---- Dataset entries

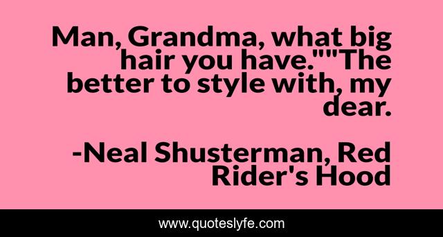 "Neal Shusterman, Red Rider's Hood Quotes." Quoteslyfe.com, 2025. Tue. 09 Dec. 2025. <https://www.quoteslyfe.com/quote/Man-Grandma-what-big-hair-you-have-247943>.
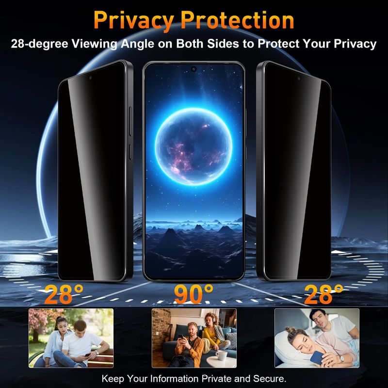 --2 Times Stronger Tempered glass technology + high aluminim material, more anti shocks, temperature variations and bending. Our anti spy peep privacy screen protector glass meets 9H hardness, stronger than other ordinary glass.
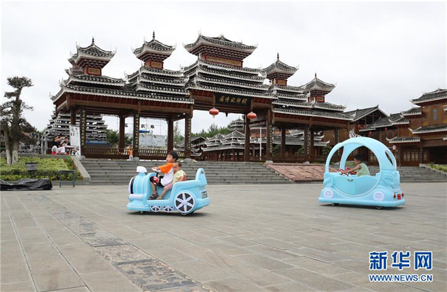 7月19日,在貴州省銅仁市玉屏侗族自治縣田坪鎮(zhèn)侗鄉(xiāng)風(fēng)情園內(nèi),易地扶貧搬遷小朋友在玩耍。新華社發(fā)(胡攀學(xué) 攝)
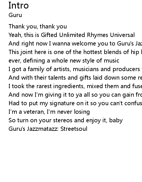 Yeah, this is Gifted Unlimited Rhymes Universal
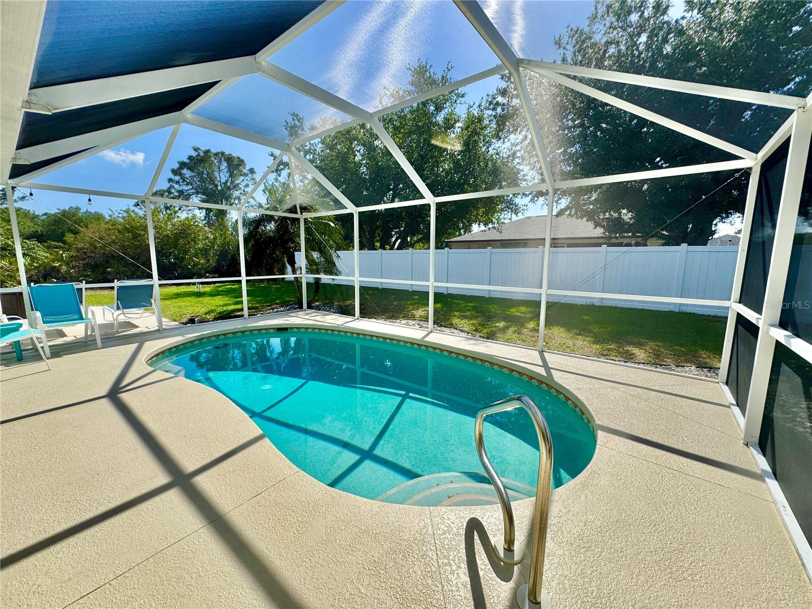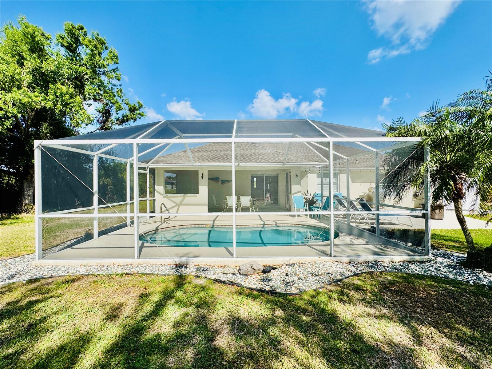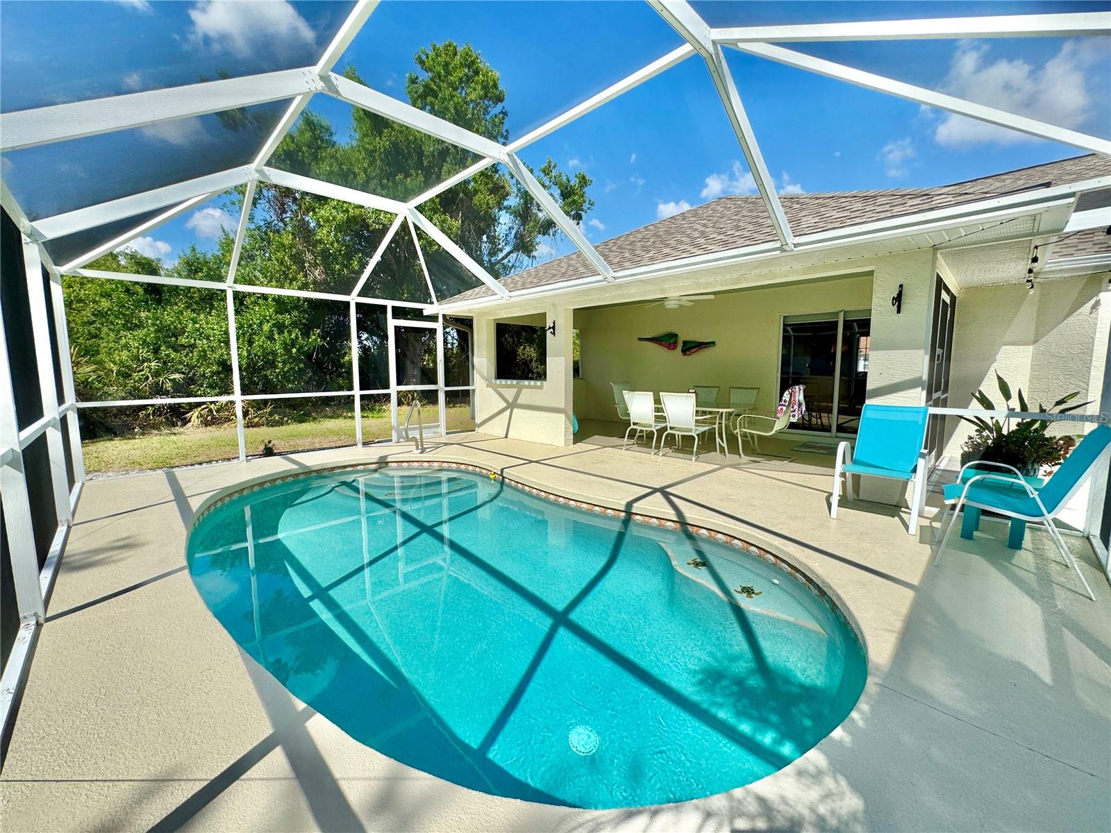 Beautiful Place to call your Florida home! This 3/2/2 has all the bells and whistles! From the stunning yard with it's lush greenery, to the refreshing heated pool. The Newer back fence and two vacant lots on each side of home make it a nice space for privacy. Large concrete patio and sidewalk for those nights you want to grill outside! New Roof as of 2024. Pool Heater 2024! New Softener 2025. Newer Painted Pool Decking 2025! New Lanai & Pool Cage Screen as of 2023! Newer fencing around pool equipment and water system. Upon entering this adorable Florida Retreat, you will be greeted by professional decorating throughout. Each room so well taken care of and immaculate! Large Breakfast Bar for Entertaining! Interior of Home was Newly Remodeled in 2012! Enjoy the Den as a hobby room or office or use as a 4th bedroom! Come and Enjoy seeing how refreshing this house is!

--------
---- Dataset entries

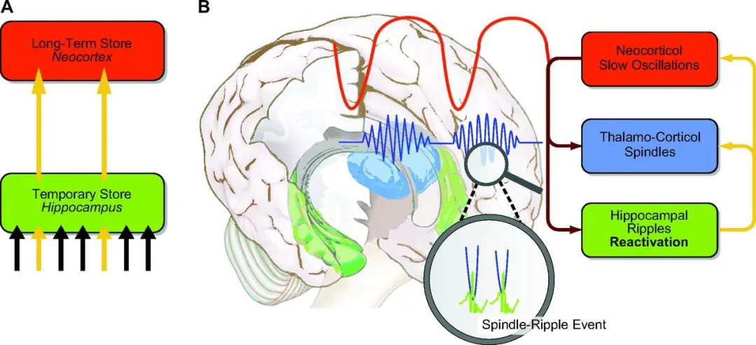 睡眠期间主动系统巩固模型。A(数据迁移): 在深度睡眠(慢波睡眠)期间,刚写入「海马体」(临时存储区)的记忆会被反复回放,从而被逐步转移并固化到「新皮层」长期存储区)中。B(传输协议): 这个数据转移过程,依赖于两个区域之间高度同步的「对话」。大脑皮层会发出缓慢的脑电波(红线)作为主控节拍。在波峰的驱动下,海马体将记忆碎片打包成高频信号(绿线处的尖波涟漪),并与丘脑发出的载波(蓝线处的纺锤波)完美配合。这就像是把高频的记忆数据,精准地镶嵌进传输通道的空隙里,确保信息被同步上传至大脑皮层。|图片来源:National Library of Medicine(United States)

--------
---- Dataset entries

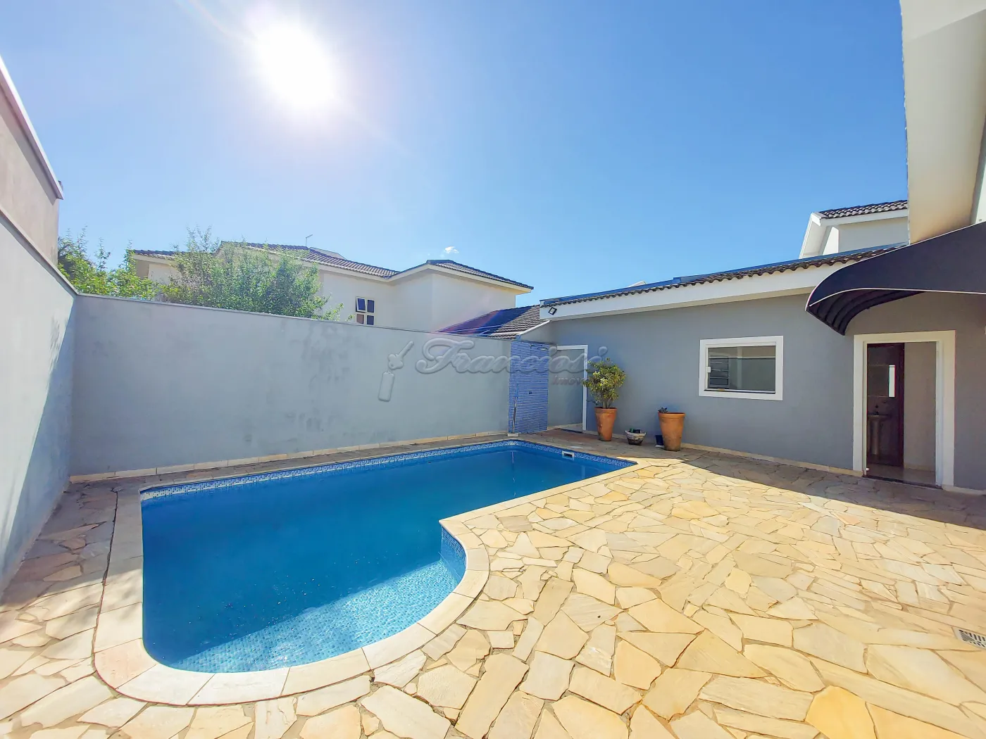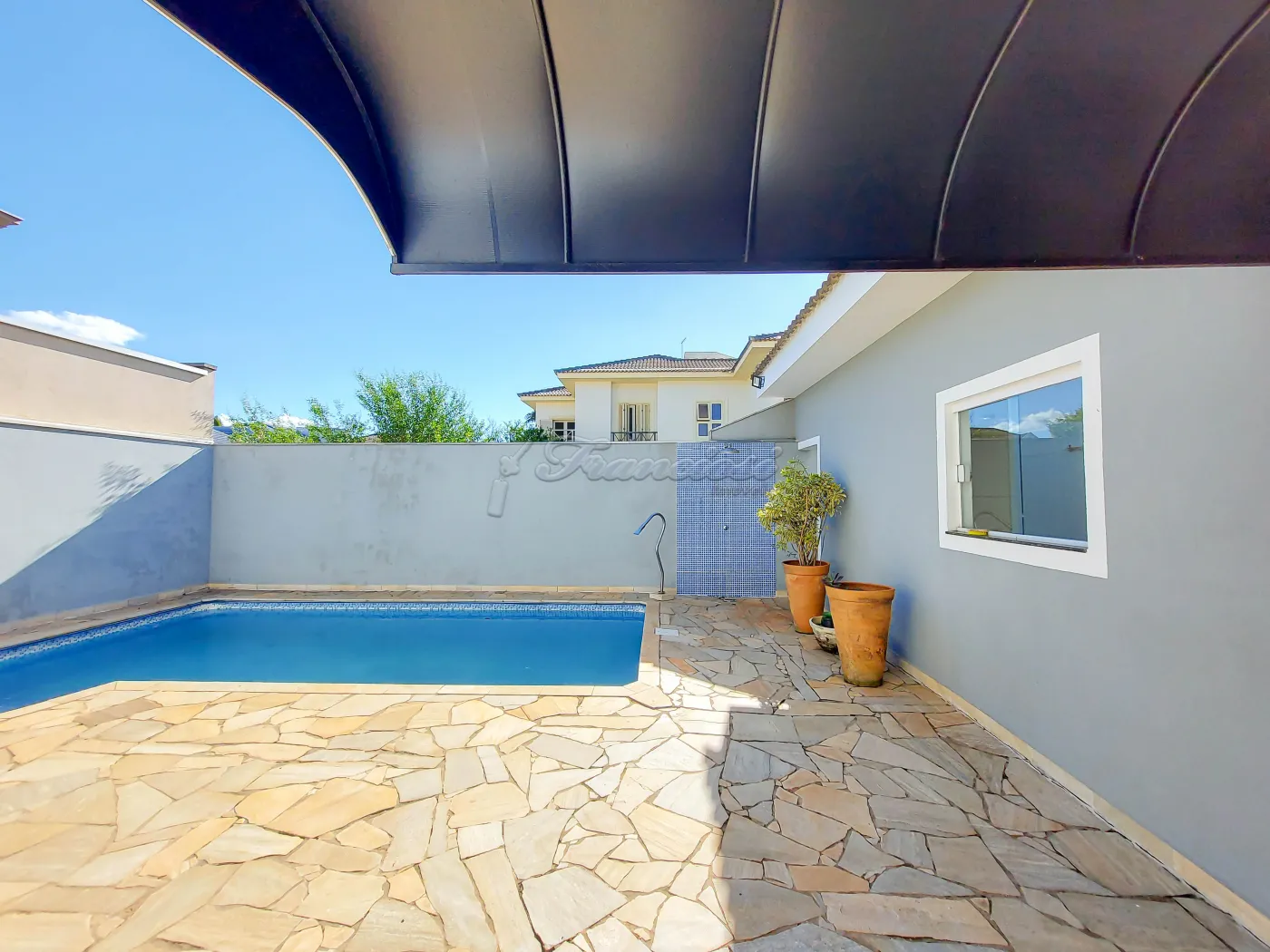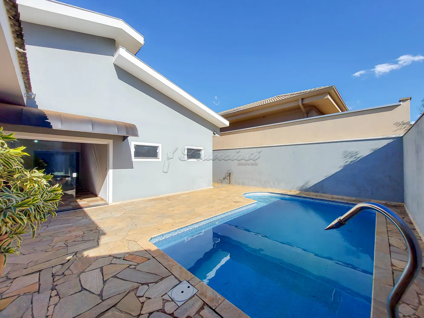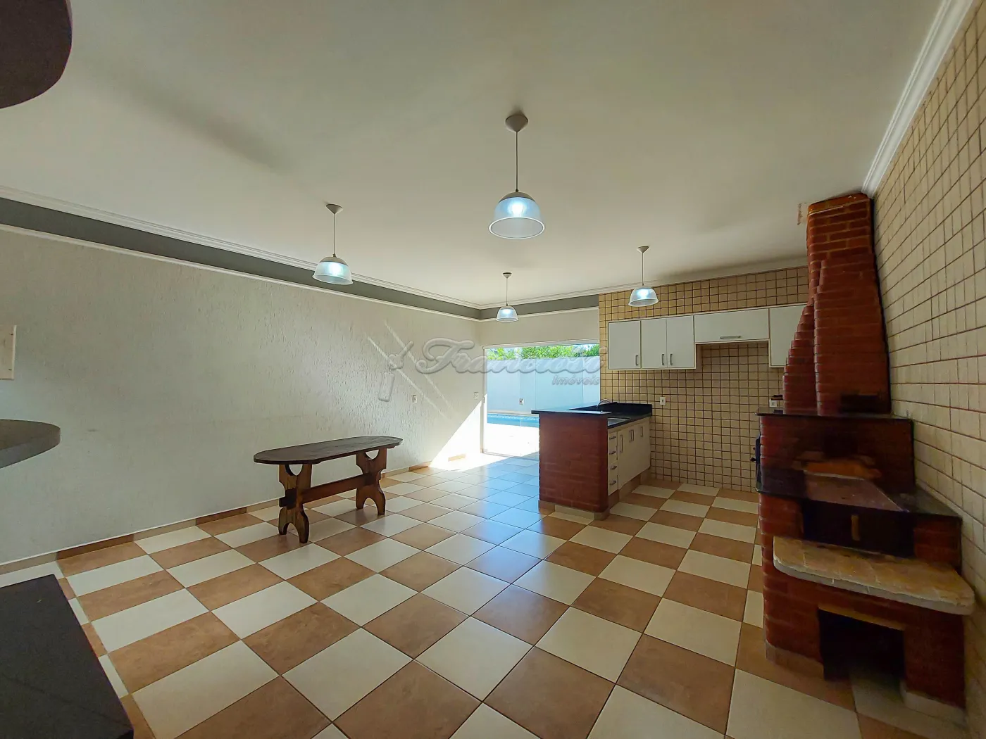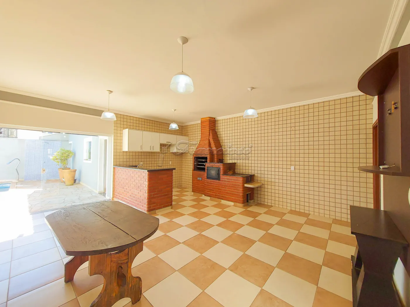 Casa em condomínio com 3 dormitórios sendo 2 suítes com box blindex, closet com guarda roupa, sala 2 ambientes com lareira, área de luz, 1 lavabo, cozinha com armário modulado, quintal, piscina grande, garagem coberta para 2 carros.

--------

Exercise requirements:
Write out, word for word, the stretch of entries that begins at the line with "7月19日,在貴州省銅仁市玉" and ends at the line with "Yeah, this is". Pictures do not belong in it.

Solution to this problem:
 7月19日,在貴州省銅仁市玉屏侗族自治縣田坪鎮(zhèn)侗鄉(xiāng)風(fēng)情園內(nèi),易地扶貧搬遷小朋友在玩耍。新華社發(fā)(胡攀學(xué) 攝)
 Yeah, this is Gifted Unlimited Rhymes Universal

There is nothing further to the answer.